REQUIRED WORK: Print exactly the lines below between the line containing "索爱(soaiy)S638小" and the line containing "年末岁尾,隆冬时节,在西部秦", counting both of those lines. Leave pictures out.

Records excerpted from a collection:
§

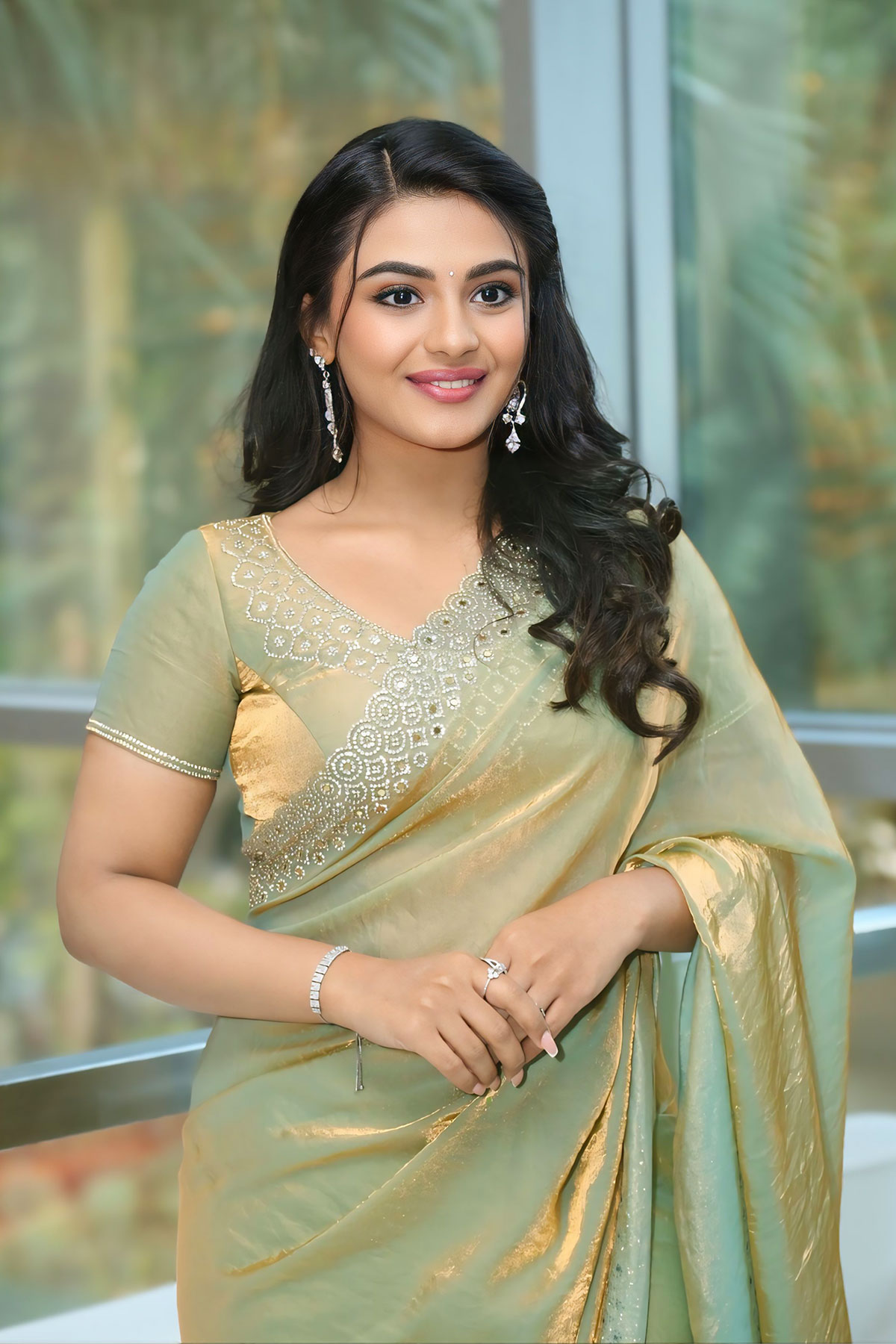 See Nayan Sarika light up the promotional event in a luxurious shimmering green saree that perfectly captures her elegant and festive vibe.
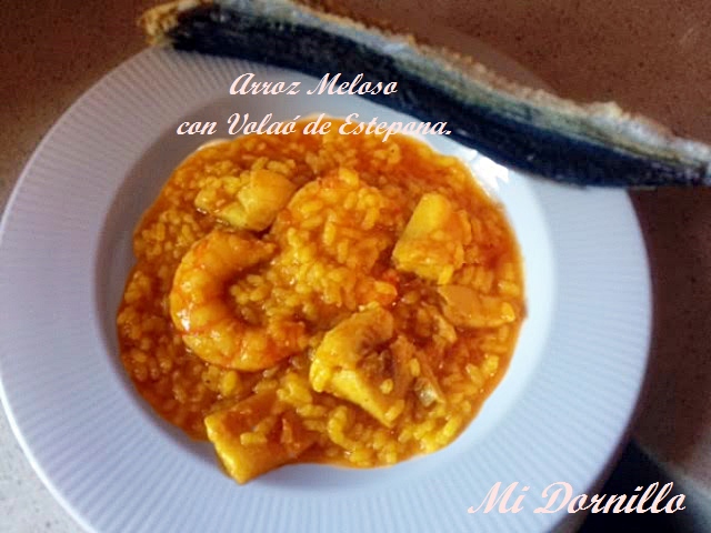 Nuestra anfitriona de este mes, culpable de tantos arroces ricos, se ha decantado por una receta muy típica de su tierra: arroz meloso con volao. En sus propias palabras: "un pescado que se captura y se seca en Estepona de julio a septiembre; se come de muchas formas, ya que es como un salazón, y esta rico como sea". En su blog, además de la receta, podéis encontrar más información sobre este pescado.
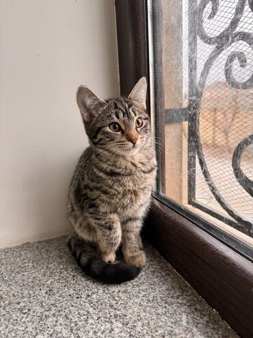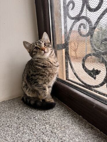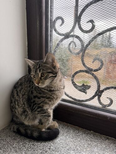 Ev pişiyi – balaca - Növ: Qısa tüklü təkir (boz-qara zolaqlı) - Təxmini yaş: 1ay yarım - Rəng/naxış: kürəyində və pəncələrində tünd zolaqlar, sinədə açıq ton - Xüsusiyyətlər: çox mehriban, oyna...
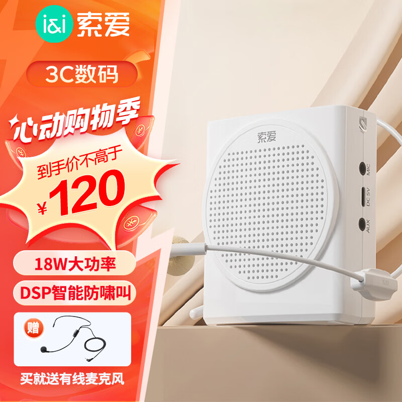索爱(soaiy)S638小蜜蜂扩音器教师专用18W功率智能防啸叫300S一键录音蓝牙音箱喇叭教学导游导购喊话Type-c白价格:139.00元!
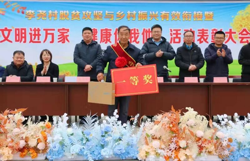 年末岁尾,隆冬时节,在西部秦巴山区的徽县伏家镇李窑村,一场别开生面的脱贫攻坚与乡村振兴有效衔接暨“文明进万家,健康你我他”先进典型表彰大会正在热闹举行,全村村民欢聚一堂,载歌载舞,为表彰大会增添了浓浓的喜庆与祥和,舞台旁边笔记本电脑,冰箱、彩电,盆子,拖把等奖品阵列排序,等待着新主人认领。
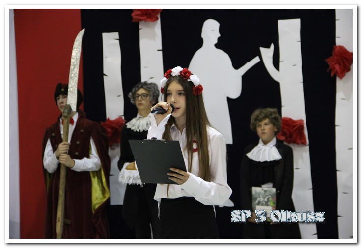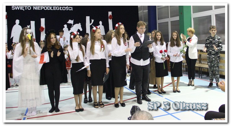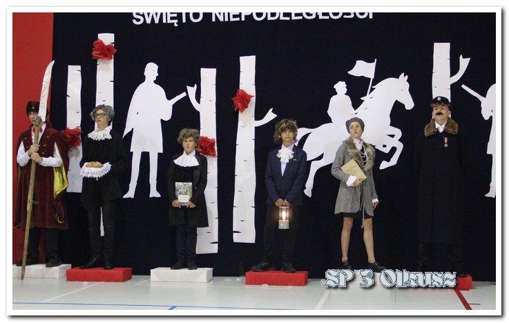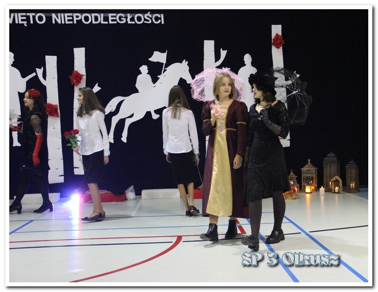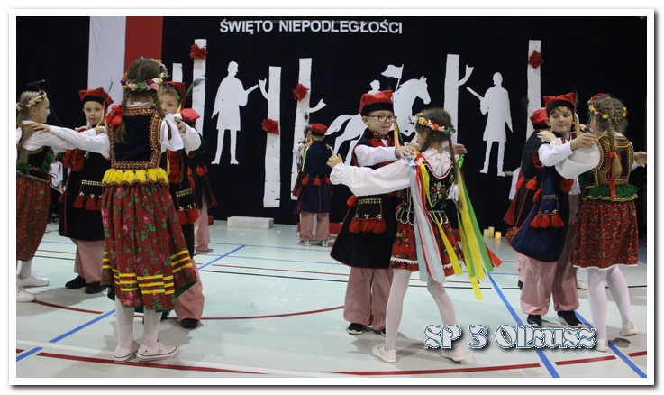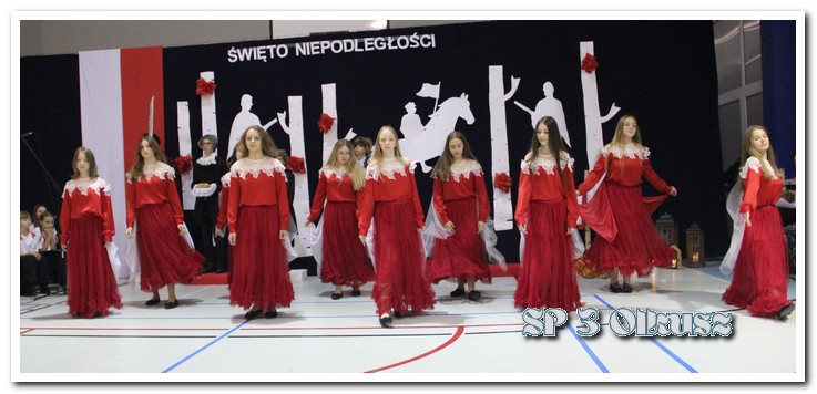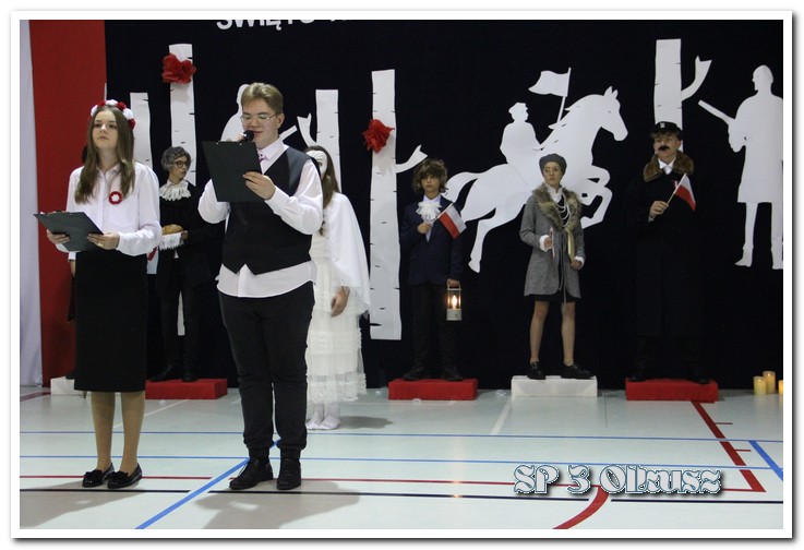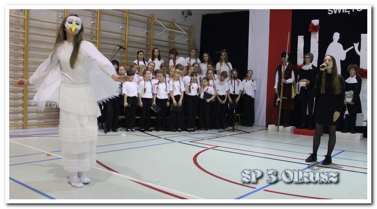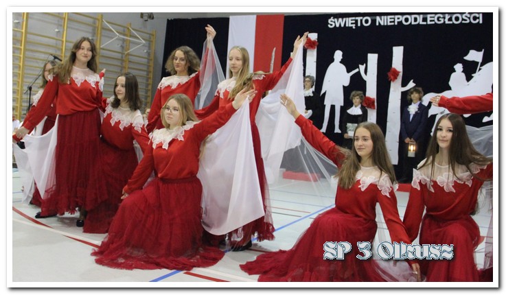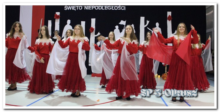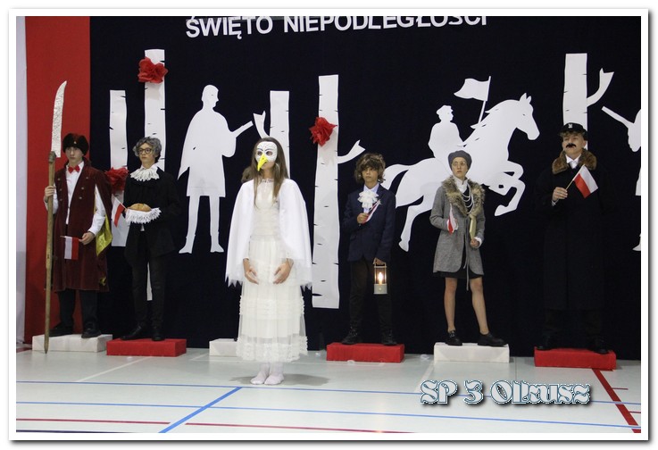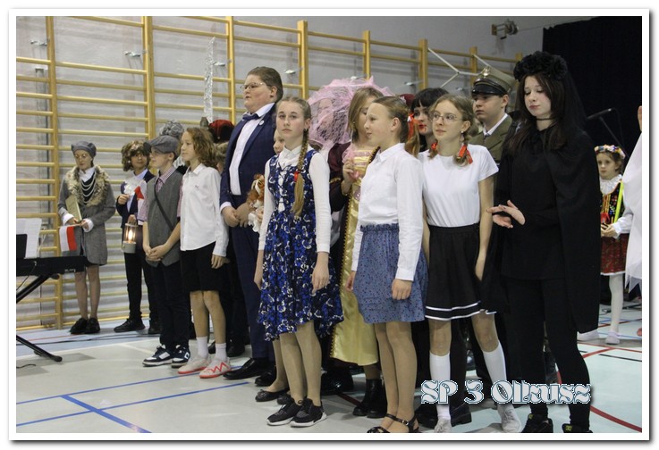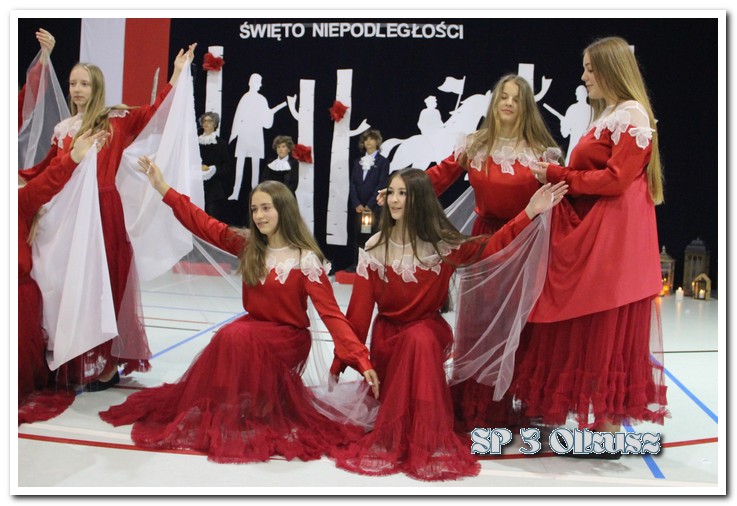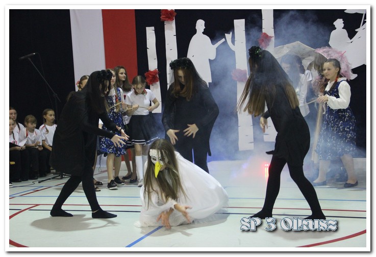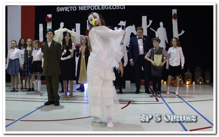 Podczas widowiska słowno-muzycznego „Niepodległość niejedno ma imię" uczniowie zaprezentowali sceny historyczne i patriotyczne, przypominając o drodze naszego narodu do wolności. Publiczność z ogromnym wzruszeniem oglądała pantomimę „Upadek Polski", a także sceny „Trzy pokolenia" i „Wybory patriotów".
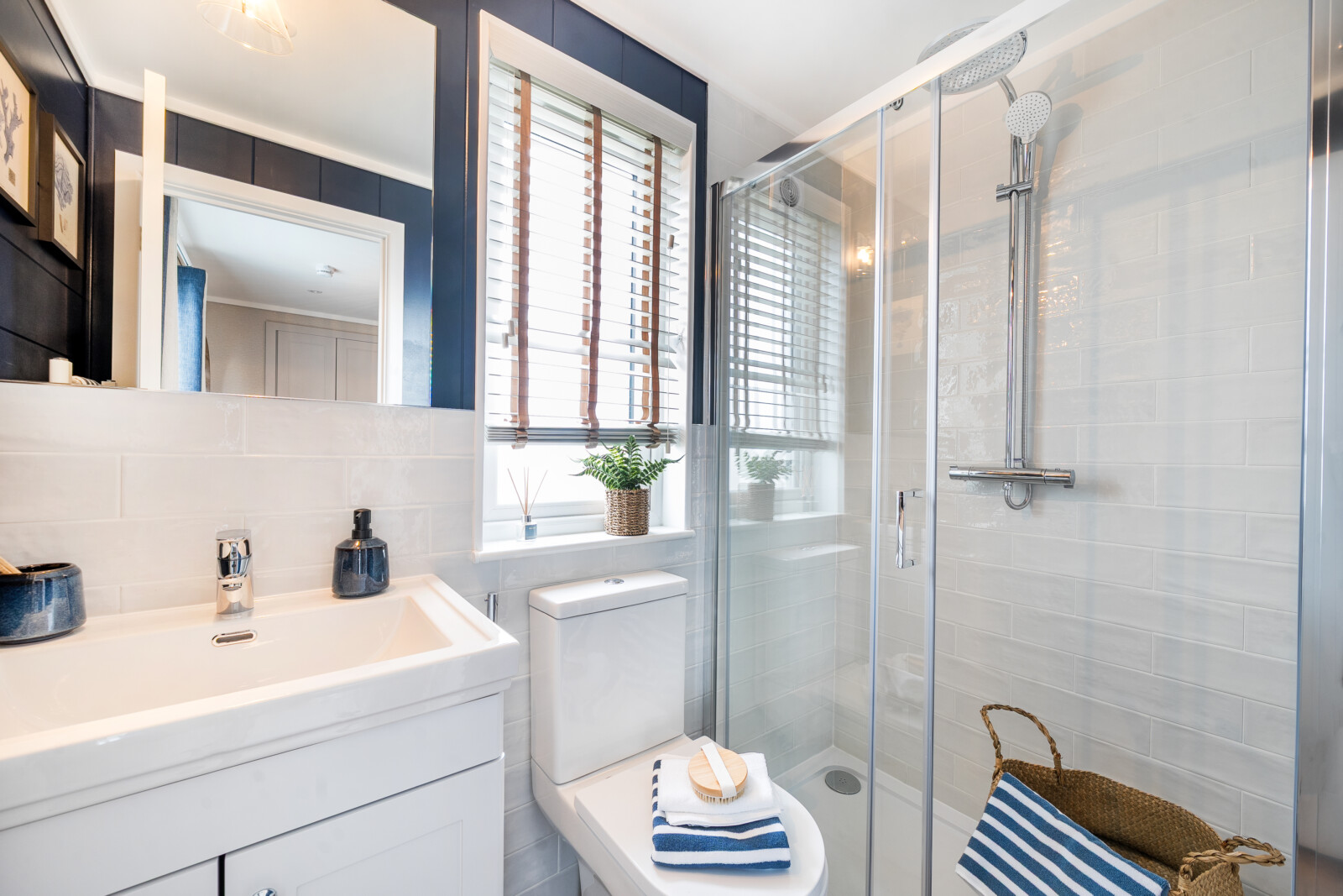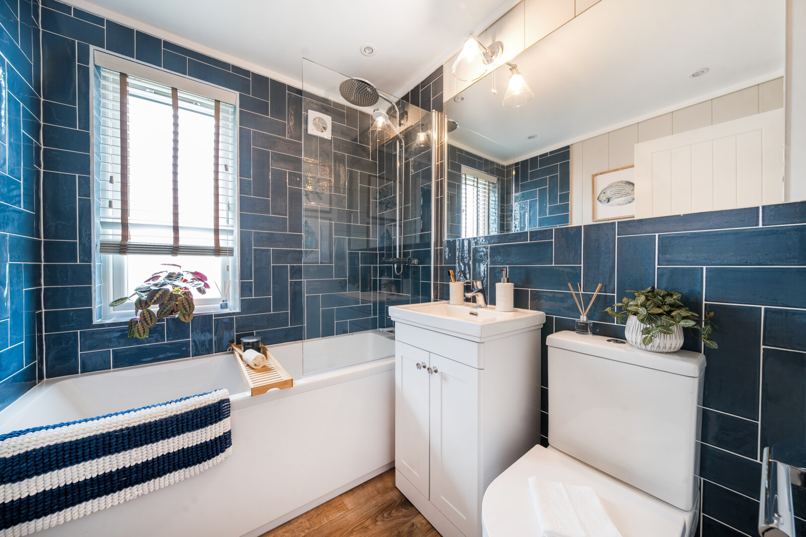 In the main bathroom, you’ll find a serene retreat. Featuring a full-size bath with an overhead waterfall shower, a sleek glass screen, and a contemporary vanity unit, this space is designed to offer both practicality and elegance. Finishing touches such as a wall-mounted backlit LED mirror and Venetian blind enhance the feeling of luxury.

§

RESPONSE TO THIS TASK:
索爱(soaiy)S638小蜜蜂扩音器教师专用18W功率智能防啸叫300S一键录音蓝牙音箱喇叭教学导游导购喊话Type-c白价格:139.00元!
 年末岁尾,隆冬时节,在西部秦巴山区的徽县伏家镇李窑村,一场别开生面的脱贫攻坚与乡村振兴有效衔接暨“文明进万家,健康你我他”先进典型表彰大会正在热闹举行,全村村民欢聚一堂,载歌载舞,为表彰大会增添了浓浓的喜庆与祥和,舞台旁边笔记本电脑,冰箱、彩电,盆子,拖把等奖品阵列排序,等待着新主人认领。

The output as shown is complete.